Association of Agrarian Cooperatives of Cuzco (COCLA)

Improving Lives Through Fair Trade Coffee

Fair Trade coffee helps provide a just and equitable trade environment between growers and consumers. growers like Rogelia Figueroa Gabera, one of 8,500 members of the Association of Agrarian Cooperatives of Cuzco (COCLA) in Peru, Fair Trade coffee not only helps her family improve their quality of life, it also provides an incentive to improve the quality of the coffee they grow.

“We all want to improve the quality of our coffee, which we never used to do because we lacked the economic means or coffee prices were low or because we did not have a good market for our coffee. Now we have buyers who will give us a better price, and now we have an incentive to keep improving the quality of our coffee,” she said.

Up to 90% of COCLA’s export volume is certified organic, sustainable, or Fair Trade. A challenge came with rising coffee prices; COCLA needed greater access to credit in order to purchase coffee from cooperative members like Gabera who benefit from their involvement in the Fair Trade coffee industry. RSF came together with EcoLogic and Calvert Foundation to provide the additional financing needed to help ensure this socially-beneficial trade partnership.

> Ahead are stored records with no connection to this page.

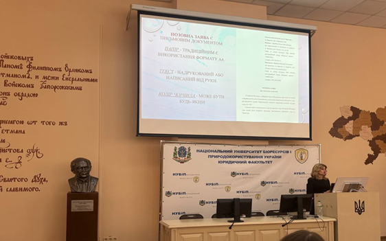 3 жовтня 2025 року на юридичному факультеті НУБіП України відбулася відкрита лекція к.ю.н. Світлани Авраменко з дисципліни «Правове письмо та документування» на тему: «Звернення громадян до суду: позовна заява в цивільному процесі та інші документи».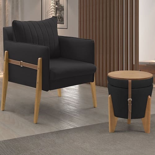 Conjunto para Sala de Estar com Poltrona e Puff Orion Veludo Preto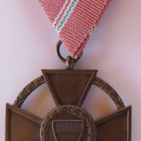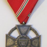 52 mm-es, domborított, egyoldalas kereszt. Hátlapja zománcozatlan, rajta az alapítási évszám és függőleges kitűzőtű van kampóval. Változata: a rátett rendjelvényen a címerpajzs nem zománcozott. Szalagsáv: 15 mm-es, kicsinyített kereszttel.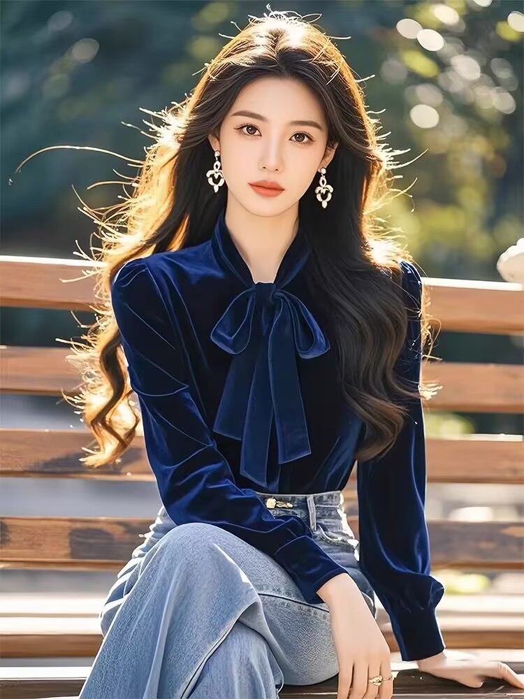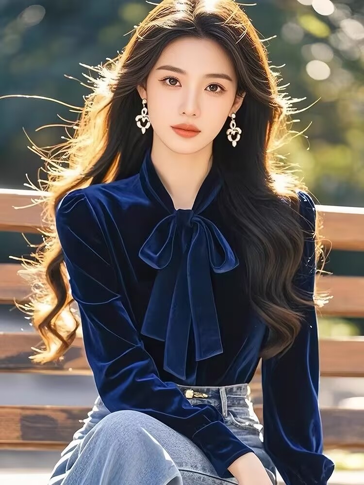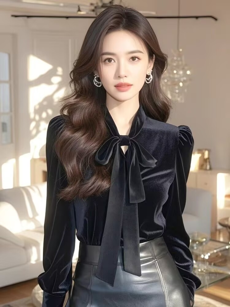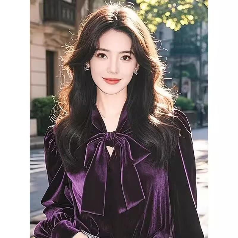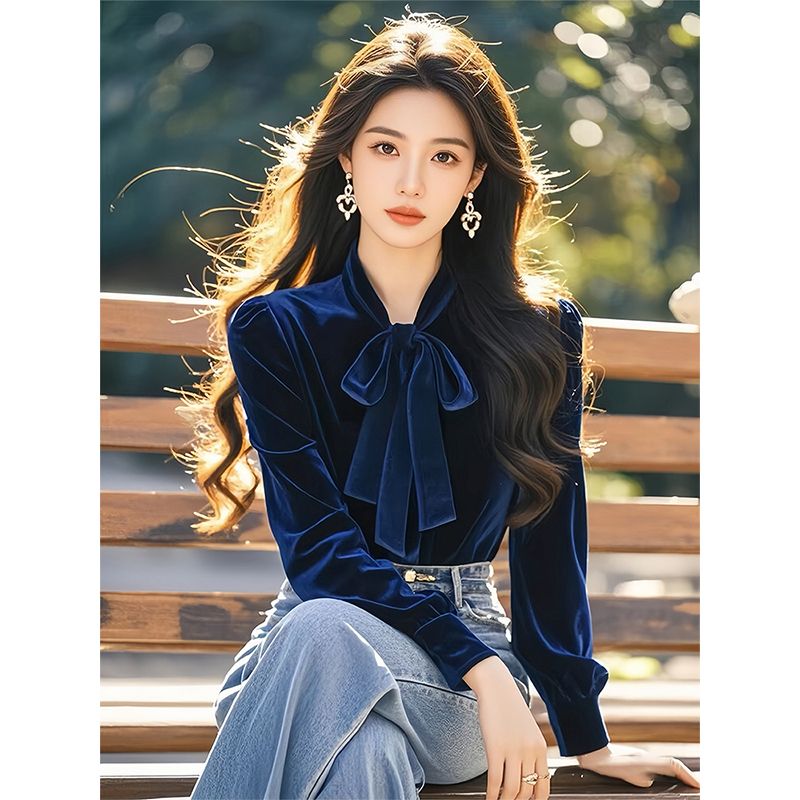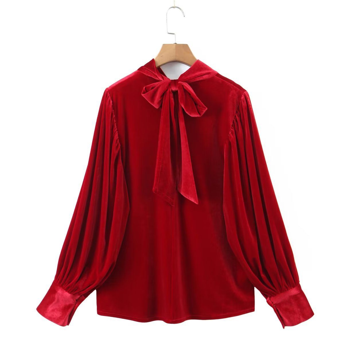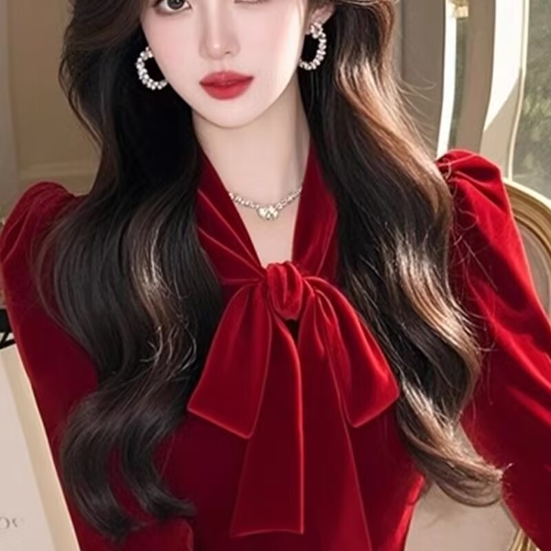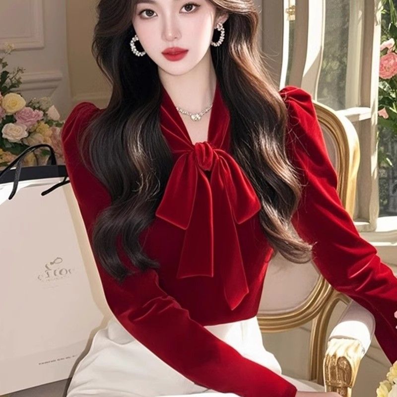 MY15652# 安可拉红丝绒上衣女设计感小众蝴蝶结打底内搭小香风叠穿上衣女裝貨源服裝批發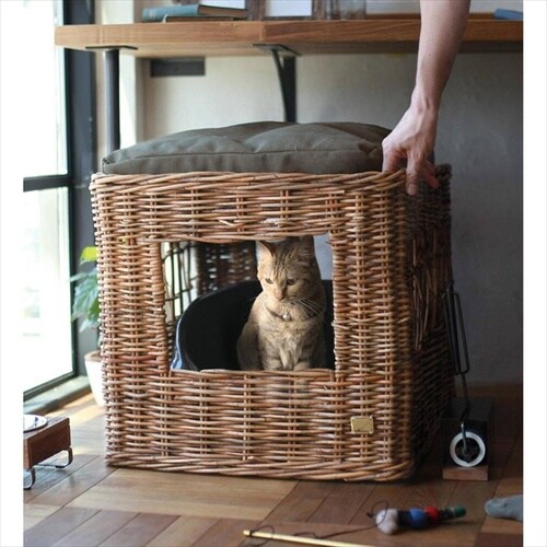皮付きラタンを使って編まれた猫用トイレカバー。 |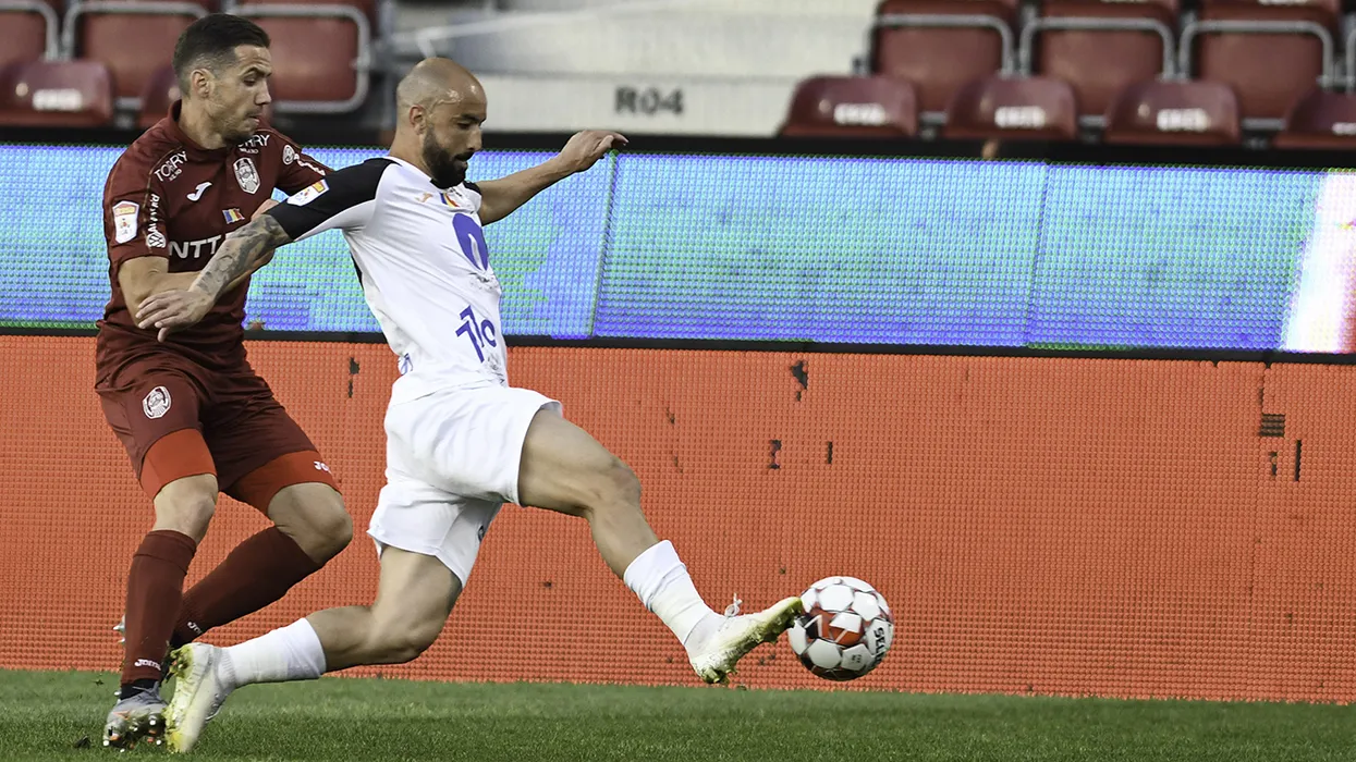 Alexandru Chipciu si Gabriel Moura in meciul de fotbal dintre CFR Cluj si Gaz Metan Medias din etapa a VII-a a play-off-ului Ligii 1, disputat pe stadionul Dr. Constantin Radulescu din Cluj-Napoca, luni, 13 iulie 2020.© FOTO:Flaviu Buboi/Sport Pictures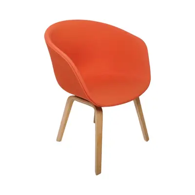 Den låga stolen About a Chair AAC43 från danska HAY. Med sin iögonfallande enkelhet gör About a Chair AAC43 sig lika väl runt matbordet som konferensbordet. Helklädd i ett orange tyg och underrede i lackad ek. Sitthöjd: 38 cm.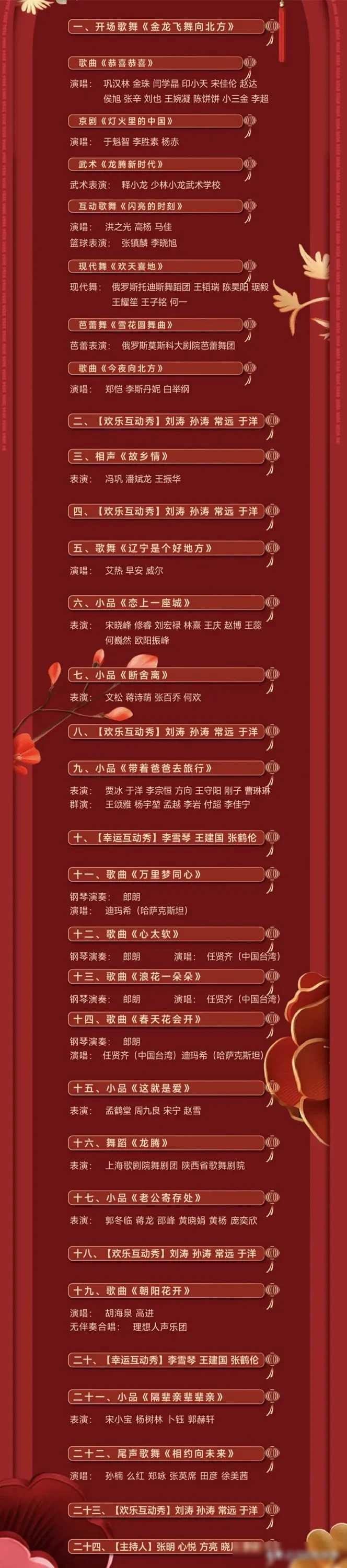 今晚辽视春晚节目单热乎出炉!马上发给大家,一共24个节目,语

The loan helped COCLA purchase coffee beans from its members in order to sell to buyers. The line of credit also helps COCLA access Fair Trade markets which allows them to provide an extensive array of services to its members including: an agricultural diversification project; workshops and seminars to address such topics as pest control, organic certification, ecology and conservation; and a microcredit program specifically earmarked for lending to women.

“The loan we made to COCLA is symbolic of what we like to see happening in the Fair Trade coffee industry;social finance lenders coming together to meet the credit needs of coffee producers,” says Esther Park, senior lending manager at RSF.